* _Required work_
Nothing but the lines from the one that holds "Op de voorzijde" through the end of the material should be repeated, each exactly as it stands, and pictures stay out.

* _Data records_
____________________

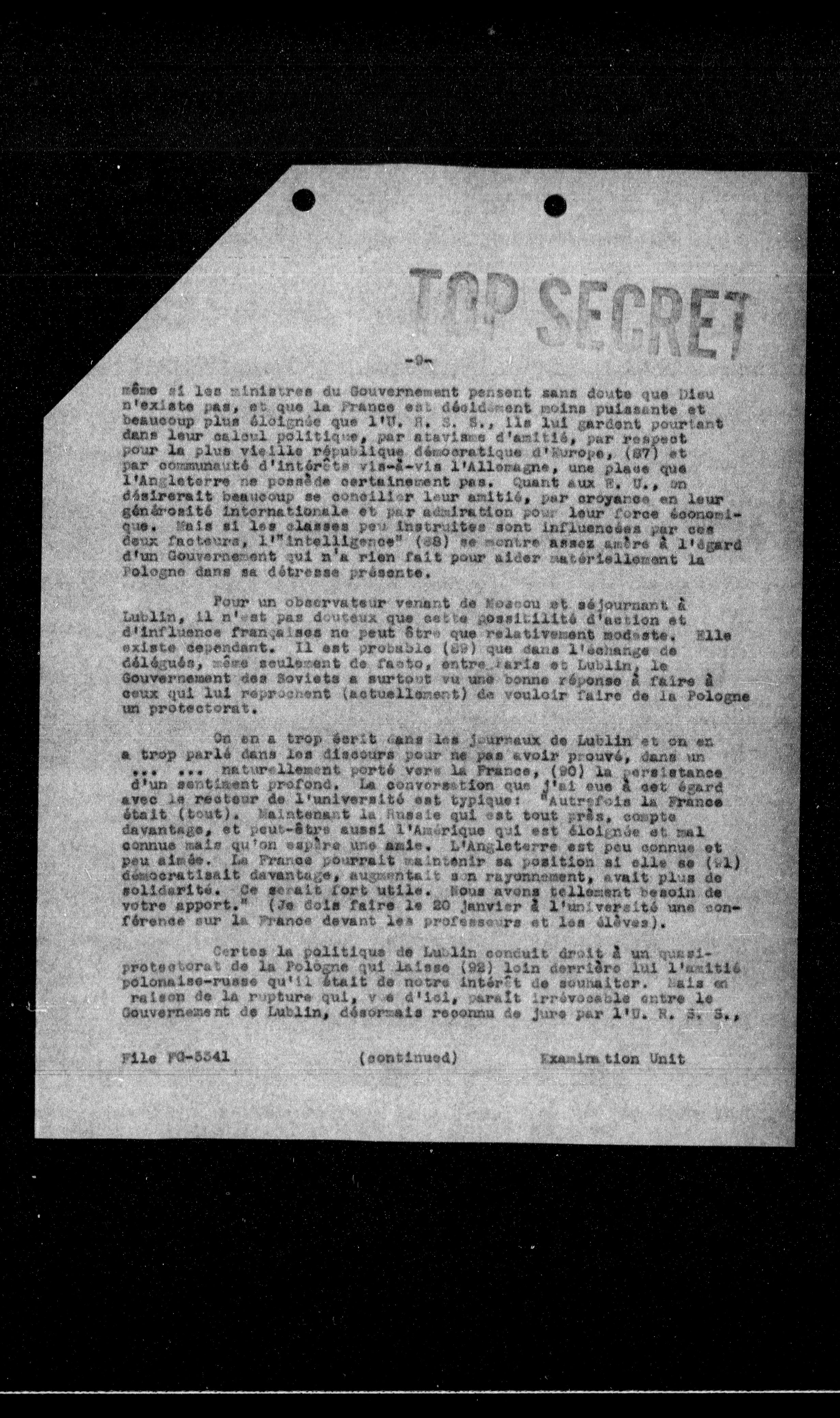 On en a trop écrit dans les journaux de Lublin et on en a trop parlé dans les discours pour ne pas avoir prouvé, dans un naturellement porté vers la France, (90) la persistance d'un sentiment profond. La conversation que j'ai eue à cet égard avec le recteur de l'université est typique: "Autrefois la France était (tout). Maintenant la Russie qui est tout près, compte davantage, et peut-être aussi l'Amérique qui est éloignée et mal connue mais qu'on espère une amie. L'Angleterre est peu connue et peu aimée. La France pourrait maintenir sa position si elle se (91) démocratisait davantage, augmentait son rayonnement, avait plus de solidarité. Ce serait fort utile. Nous avons tellement besoin de votre apport." (Je dois faire le 80 janvier à l'université une conférence sur la France devant les professeurs et les élèves).
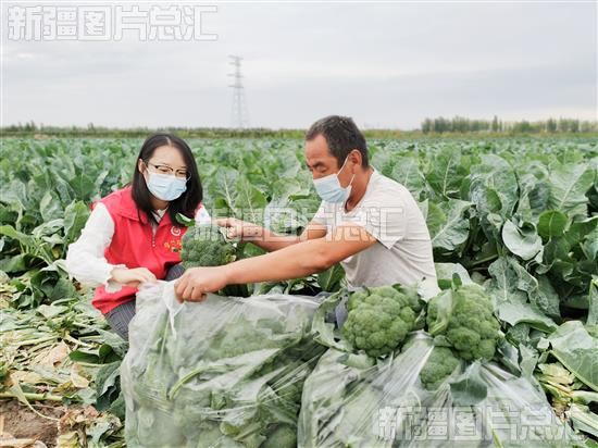 2022年8月26日,沙湾市市场监督管理局驻乌兰乌苏镇头浮新村“访惠聚”工作队队员帮助村民采收西蓝花。
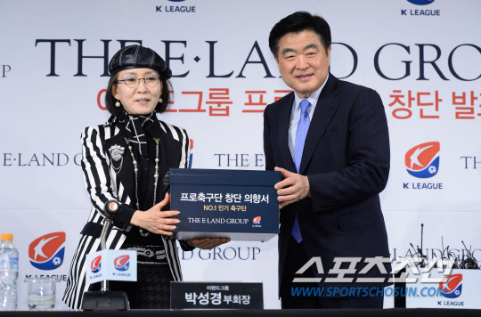 이랜드그룹의 프로축구단 창단발표식이 14일 신문로 축구회관에서 열렸다. 이랜드 그룹 박성경회장이 프로축구단 창단을 공식 발표하고 창단의향서를 한국프로축구연맹 (총재 권오갑)에게 제출하고 있다. 이랜드그룹 박성경 부회장은 "기업이 사회에 기여하는 방법의 하나로 팬들에게 재미와 즐거움을 주는 구단운영을 통해 한국축구발전에 이바지 하겠다" 고 말했다. 이랜드 그룹은 "NO1, 인기프로축구단" 이란 슬로건을 내걸고 2015년 K리그 클래식 승격을 목표로 하고있다. 축구회관=최문영 기자 deer@sportschosun.com /2014.04.14/
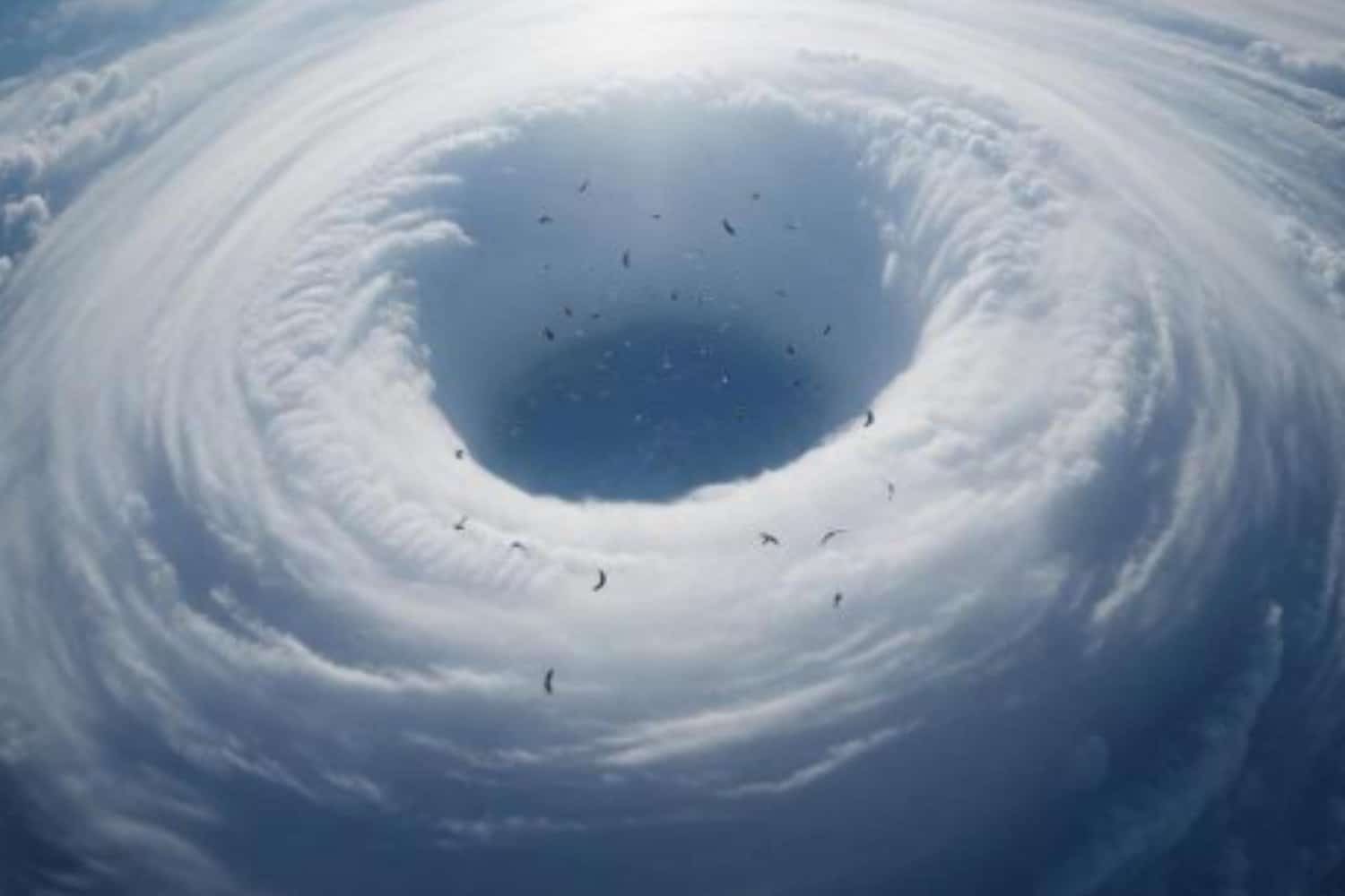 O olho do furacão pode parecer tranquilo, com céu parcialmente limpo e baixa pressão atmosférica. Porém, é cercado por um muro de vento impenetrável, formado por nuvens com correntes intensas. Para as aves, isso significa uma armadilha mortal: elas não conseguem escapar do centro, pois qualquer tentativa de atravessar os ventos resulta em exaustão ou morte.
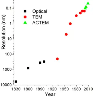 The first TEM was demonstrated by Max Knoll and Ernst Ruska in 1931, with this group developing the first TEM with resolution greater than that of light in 1933 and the first commercial TEM in 1939. In 1986, Ruska was awarded the Nobel Prize in physics for the development of transmission electron microscopy.[2]
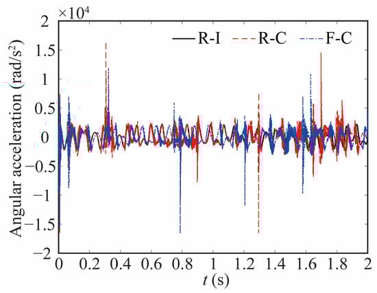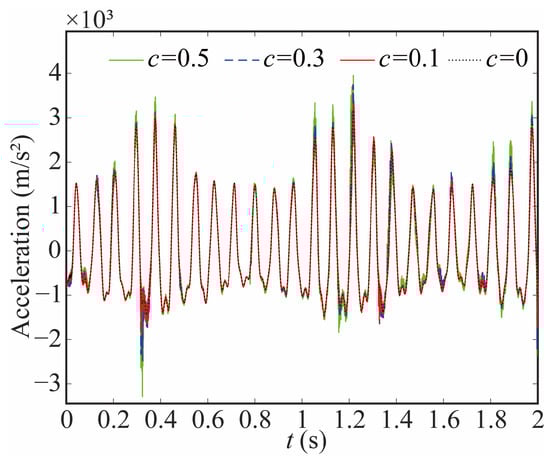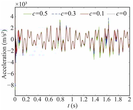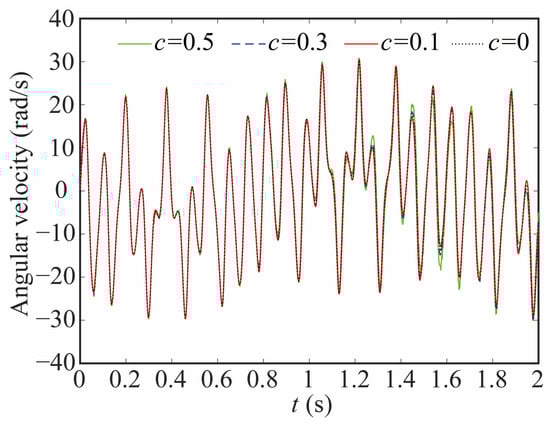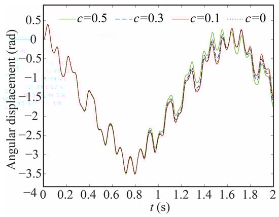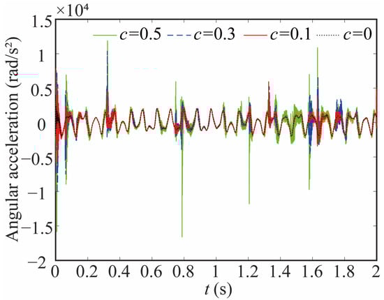 The variation in the joint contact force exerts a discernible influence on the motion state of the joint. As shown in Figure 20, Figure 21 and Figure 22, the increase in the clearance value corresponds directly to an augmentation in both angular displacement and angular velocity, and the change between 0 and 0.8 s is not apparent. There is a significant increase after 0.8 s. As the clearance size increases, the angular acceleration of the joint and the magnitude of the acceleration peak undergo a corresponding augmentation. When c = 0.5, the frequency of the angular acceleration within 1.41–1.72 s increases. This observation aligns with the varying force trend and further indicates the direct correlation between changes in contact force and the stability of the joint. Larger clearance leads to poor system performance.
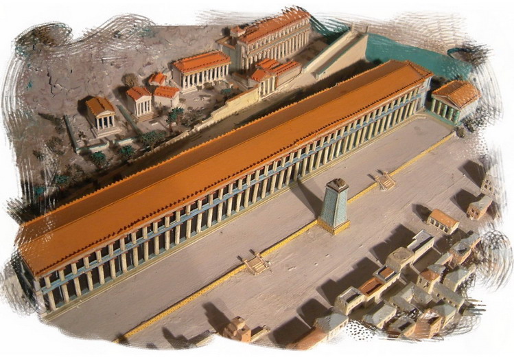 스토아는 노출된 공간이 열리는 기둥이 늘어선 회랑으로 덮여있었다. 스토아는 건물의 별관이거나 공공 광장 또는 거리를 따라있는 독립된 건축물이 될 수도 있다. 이 사진의 에우메네스 스토아(주랑 현관)(17)는 디오니소스 극장과 헤로데스 아티쿠스 오데이온을 연결했다. 이 주랑 현관은 다른 주랑 현관과 비교했을 때 엄청났다.
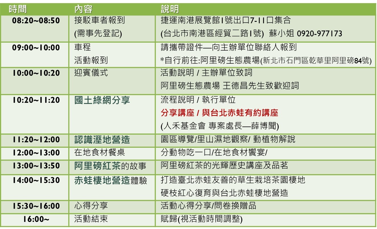 自行前往者,請於9:40至阿里磅生態農場(新北市石門區乾華里阿里磅84號)集合。
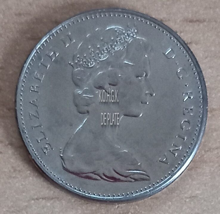 Op de voorzijde : rondom een parelrand, rondom link ELIZABETH II, rondom rechts D. G. REGINA, centraal de buste van koningin Elizabeth II met gekroond hoofd naar rechts gericht.
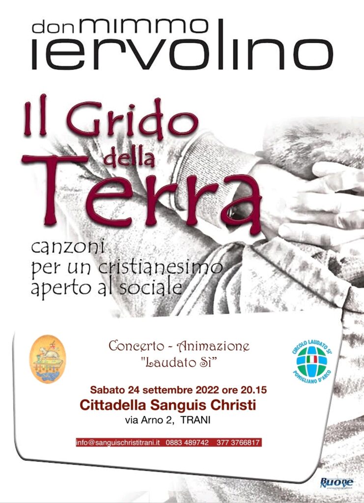 dioc. Trani TRANI, CITTADELLA SANGUIS CHRISTI – IL GRIDO DELLA TERRA – CANZONI PER UN CRISTIANESIMO APERTO AL SOCIALE CON DON MIMMO IERVOLINO 23 Settembre 2022 0 25 clic qui per l’articolo sul sito della Diocesi di Trani-Bisceglie-Barletta ARTICOLI CORRELATIALTRO DALL'AUTORE RITIRO DEL CLERO GIOVANE 24 NOVEMBRE 2025 GIORNATA PRO ORANTIBUS – MONASTERO SAN RUGGIERO INCONTRO DI CLERO ZONA PASTORALE TRANI “SAN NICOLA PELLEGRINO” Giovedì 20 novembre 2025 PDF: I CONTENUTI DEL PRIMO INCONTRO – Prof. Pier Cesare RIVOLTELLA Prof. Pier Cesare RIVOLTELLA – PRIMA SESSIONE INCONTRO DIOCESANO

____________________

* _Response for this exercise_
 Op de voorzijde : rondom een parelrand, rondom link ELIZABETH II, rondom rechts D. G. REGINA, centraal de buste van koningin Elizabeth II met gekroond hoofd naar rechts gericht.
 dioc. Trani TRANI, CITTADELLA SANGUIS CHRISTI – IL GRIDO DELLA TERRA – CANZONI PER UN CRISTIANESIMO APERTO AL SOCIALE CON DON MIMMO IERVOLINO 23 Settembre 2022 0 25 clic qui per l’articolo sul sito della Diocesi di Trani-Bisceglie-Barletta ARTICOLI CORRELATIALTRO DALL'AUTORE RITIRO DEL CLERO GIOVANE 24 NOVEMBRE 2025 GIORNATA PRO ORANTIBUS – MONASTERO SAN RUGGIERO INCONTRO DI CLERO ZONA PASTORALE TRANI “SAN NICOLA PELLEGRINO” Giovedì 20 novembre 2025 PDF: I CONTENUTI DEL PRIMO INCONTRO – Prof. Pier Cesare RIVOLTELLA Prof. Pier Cesare RIVOLTELLA – PRIMA SESSIONE INCONTRO DIOCESANO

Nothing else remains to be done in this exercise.